As many an Abbott and Costello film, Bewitched, Buffy the Vampire Slayer, The Addams Family, The Munsters, and other movies and TV series have shown, there’s a fine line between horror and humor. Finding the line isn’t always easy, though. One cartoonist who’s managed to find the vein of humor in horror, however, is Mark Parisi, whose one-panel horror cartoon series, Off the Mark, does a fair job of tickling the funny bone. He started the series in 1987. Distributed by United Media, it now appears in 100 newspapers and has been featured on greeting cards, T-shirts, and other products.

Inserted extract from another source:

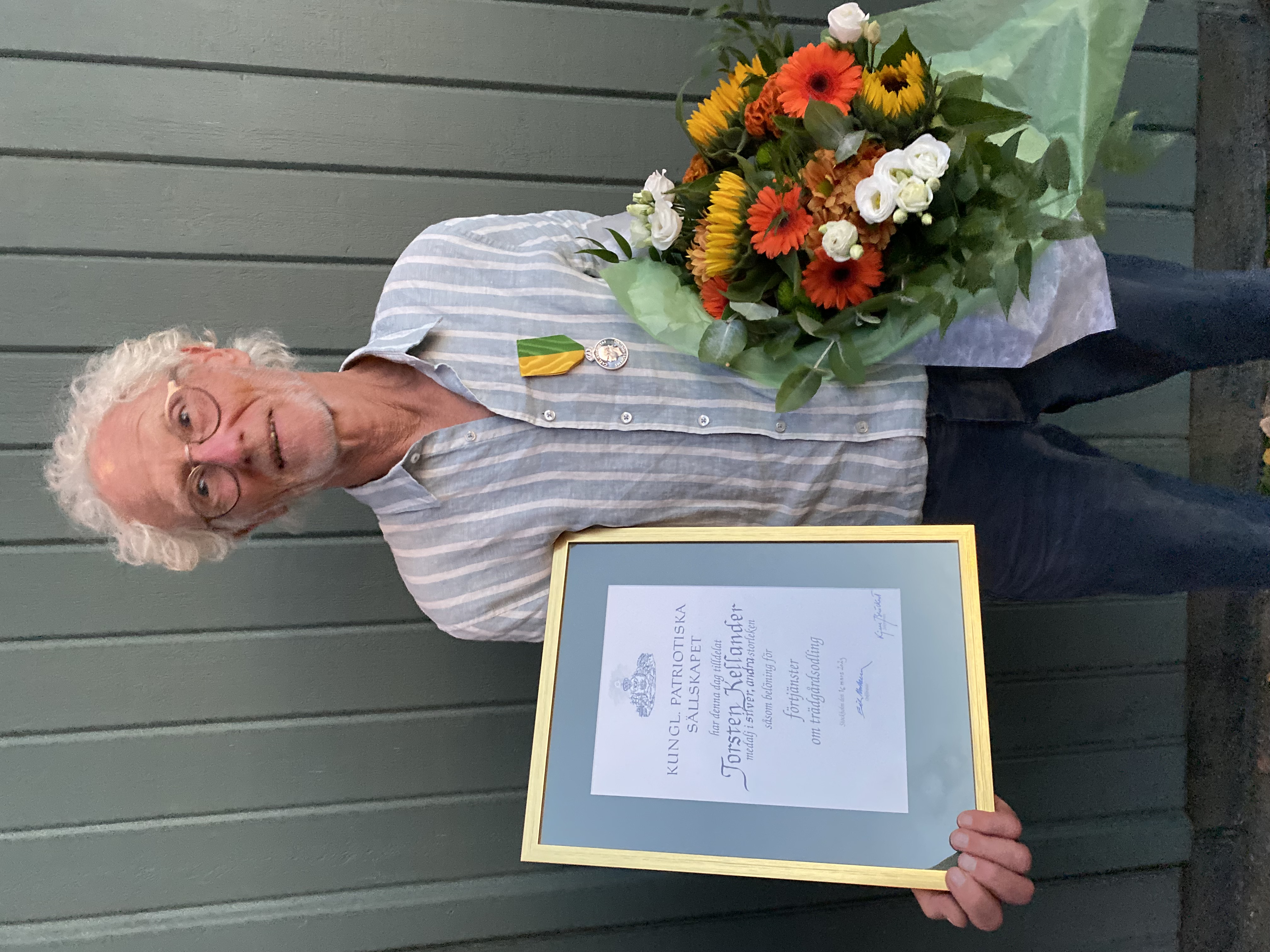 Riksförbundet Svensk Trädgård delar ut kungliga trädgårdsmedaljer Kungliga Patriotiska sällskapets medalj ”För odlingsflit och för förtjänster om trädgårdsodling eller biodling” delades ut av Riksförbundet Svensk Trädgård i Skellefteå lördag den 10 augusti. Medaljen går till personer som bidragit till att främja trädgårdskonst, odling eller forskning om trädgård eller biodling. Medaljen är i silver, andra storleken.

One panel shows a line of socks, some of which are singles and others of which are paired, waiting in line for their turns to climb a stepladder; walk the horizontal, open door to a clothes dryer; and enter the dark interior of the machine’s drum. A large sign, framed by electric bulbs, announces the attraction as the “Spin of Terror,” and warns that “Many go in . . . few come out!” The socks, equipped with eyes and mouths, look calm enough at the end of the line, but, as they approach the dryer, their expressions become increasingly anxious and frightened. One sock who has managed to “come out” of the “Spin of Terror” is a cigar-chomping ghost, through whom the laundry room’s blue-gray carpet is visible.
Another of Parisi’s ‘toons shows an assortment of personified cakes, seated, as it were, in a theater, some with unlit candles atop their uppermost layers. All of them express fear or revulsion as, on the big screen, a bikini-clad model jumps out of a large cake, thereby destroying it. The cartoon’s caption provides the context: “Cake Horror Movies.”
In a third ‘toon, labeled “The original HMO horror story,” Parisi takes on Humpty Dumpty. Showing the gigantic egg to have had a “bad fall,” indeed, the king’s horses and men are trying to put their patient “back together again,” with dismal results. Poor Humpty, who’s quite a mess, complains, “These guys don’t know what they’re doing! A specialist, I need to see a specialist!”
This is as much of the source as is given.